Since ADHD symptoms usually emerge during the early school years, both clinical and neurobiological research have focused on school-aged children, adolescents and adults. Interest in early signs of ADHD is, however, rapidly growing. Recent studies report initial evidence of some indicators appearing prior to school-age, including difficult temperament, and language and motor delay [38, 39]. Still, a little is known about whether early signs of ADHD can be reliably observed during the first year of life. This may be partly due to the relative immaturity of cognitive functions related to sustained attention and focused activity during the first months of life, and to the consequent difficulty in reliably assessing them. Increasing evidence suggests that specific motor behaviors observed during the first months of life may be a marker of neurodevelopmental disorders, which show clinical and genetic overlap with ADHD [40]. Some authors suggest that increased activity in infancy could be considered an early sign of ADHD [38, 41–45]. However, other researchers argue that the quality of movements in infancy per se does not predict the disorder [46–48].
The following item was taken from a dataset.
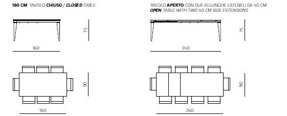 Chiuso 160 x 90 H 75 cm _ Aperto 200/240 x 90 H 75 cm

To shed light on early motor signs in ADHD and their emergence, we systematically reviewed the publications investigating motor behavior during the first year of life in infants who later develop subclinical ADHD symptoms or are diagnosed with the disorder.
Methods
A systematic literature search was performed in PubMed and PsycInfo databases including the following keywords: (1) “ADHD” OR “Attention deficit hyperactivity disorder” OR “Attention deficit-hyperactivity disorder”; (2) AND “infant*” OR “infancy” OR “neonatal” OR “newborn” OR “baby”; AND “movement*” OR “motor” OR “sensory-motor” OR “sensori-motor” OR “motion”. A systematic review of the references of the included papers was also performed to ensure a thorough search. The first search was performed in July 2016, and once more in January 2017, which yielded one additional relevant article.
Study eligibility criteria included: (1) report on early motor function or any motor-related signs; (2) the presence of a participants’ assessment by/at 12 months of age; (3) report of a later presence of ADHD symptoms. The first selection was based on the study titles, as identified by one of the authors (AA). Second, abstracts were independently screened for eligibility by two authors (AA and OC). Two authors (AA and OC) independently performed the data extraction and discussed their findings to reach a consensus. Full texts of potentially relevant papers were read to ascertain whether the study met all selection criteria.
The following data were extracted from the included articles: type of study (e.g., longitudinal, cross-sectional, or case control, both retrospective and prospective), source population (e.g., population-based or hospital referrals), participants’ age range, type and timing of early motor signs, type and timing of ADHD diagnosis (based on the DSM-5) [3], or ADHD-specific symptoms (based on interviews/questionnaires), and the study outcome assessment.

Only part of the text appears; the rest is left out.